FPL Releases Fast 1.1; Opra is Early Adopter

From A-Team Group’s Market Data Insight, January 2007: FIX Protocol Ltd (FPL) has released version 1.1 of its FIX Adapted for Streaming (Fast) Protocol data compaction methodology.

FPL calls the release of version 1.1 “yet another significant milestone” in the development Fast. According to Kevin Houstoun, consultant to HSBC, co-chair of the FPL Global Technical Committee, the new version upgrades in two main ways from version 1.0.

First, it provides includes an explicit template definition specification, where previously counterparties were left to their own devices to choose between templates for certain data fields. This, Houston says, raises the level of standardization in the protocol.

Second, it introduces a broad range of functionality that rounds out the specification, again raising the level of standardization. These elements of functionality have been identified by almost a year of deployment in the field, where users have requested adjustments and additional capabilities in order to get full use from the protocol in building market data applications.

The adoption by Opra of the new spec is perhaps a greater milestone than the release of version 1.1. Houston says getting Opra on board represents a significant endorsement. “It takes global adoption of the Fast protocol one step closer to being a fait accompli,” he says.

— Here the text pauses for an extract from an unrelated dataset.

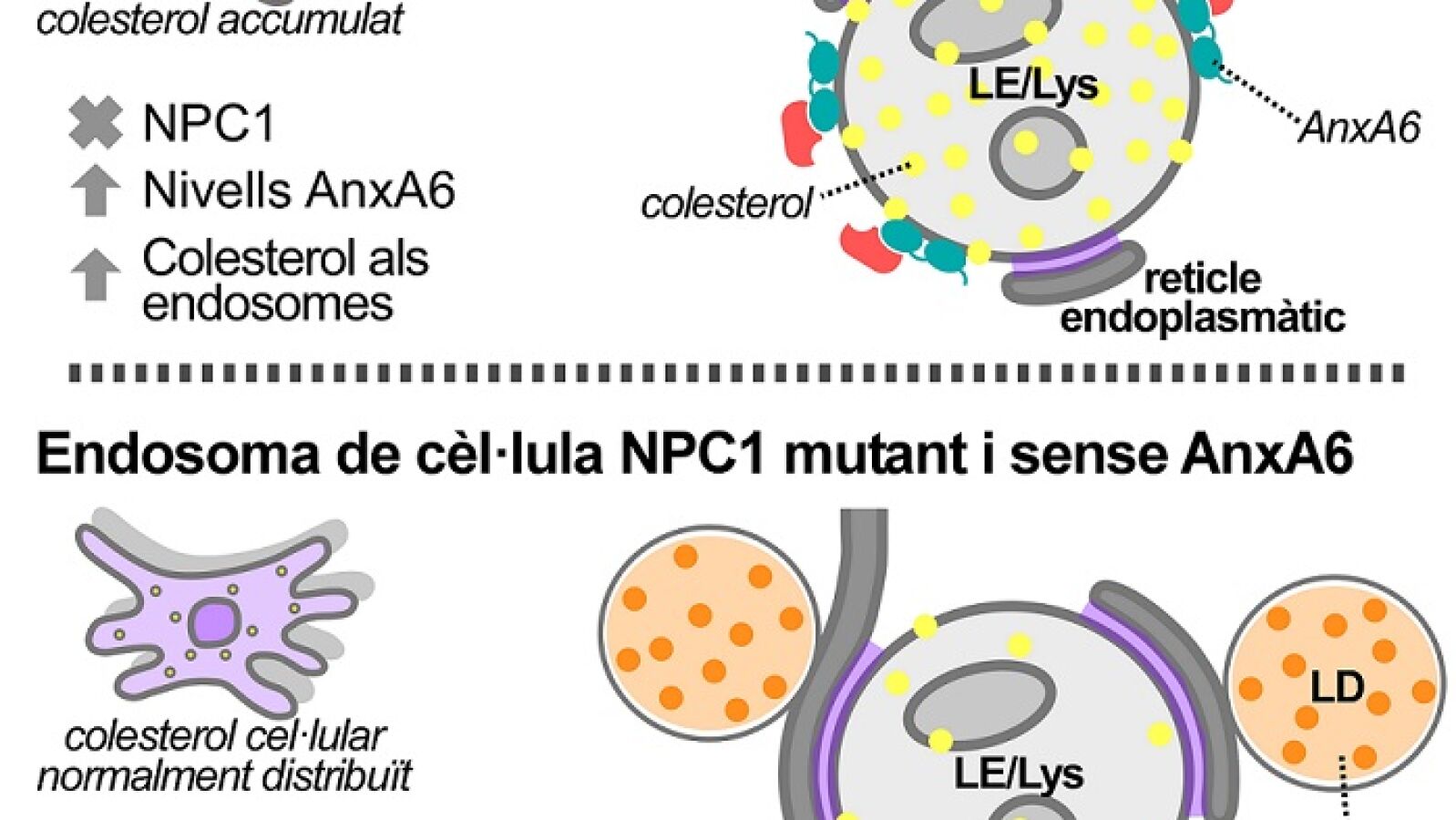 Una de estas enfermedades es la de Niemann-Pick de tipo C1, ocasionada por una mutación en el gen NPC1 que provoca la acumulación de colesterol en el interior celular, en unas vesículas llamadas endosomas. Se trata de una patología genética rara y sin cura que provoca daños hepáticos y, finalmente, un tipo de demencia.

For its part, Opra plans to use Fast to replace its existing AutoLink system. The organization reckons it will take around six months to deploy and test the new Fast-based platform.

The Fast protocol leverages implicit tagging, field encoding and binary representation of data, thereby optimizing communication in the electronic exchange of financial data. Fast has been designed to process large quantities of data that share similarities in content and structure.

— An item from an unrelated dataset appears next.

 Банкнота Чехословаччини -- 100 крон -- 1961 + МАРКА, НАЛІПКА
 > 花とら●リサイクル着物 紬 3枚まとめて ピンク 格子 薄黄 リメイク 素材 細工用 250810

The Fast protocol’s ongoing development has been helped along by extensive testing supported by the protocol’s sponsors, which include Archipelago (now part of the New York Stock Exchange), the Chicago Mercantile Exchange, the International Securities Exchange, the London Stock Exchange, the Singapore Stock Exchange and Microsoft.

These proof-of-concept tests, FPL says, demonstrated that the Fast Protocol is capable of radically reducing message size and bandwidth utilization by compressing FIX data feeds by up to 90% without negatively impacting latency. This, FPL says, makes it applicable in many instances within the market data area, as well as in other areas “demanding high compression and low latency communication such as high frequency trading, direct market access and exchange interfaces.”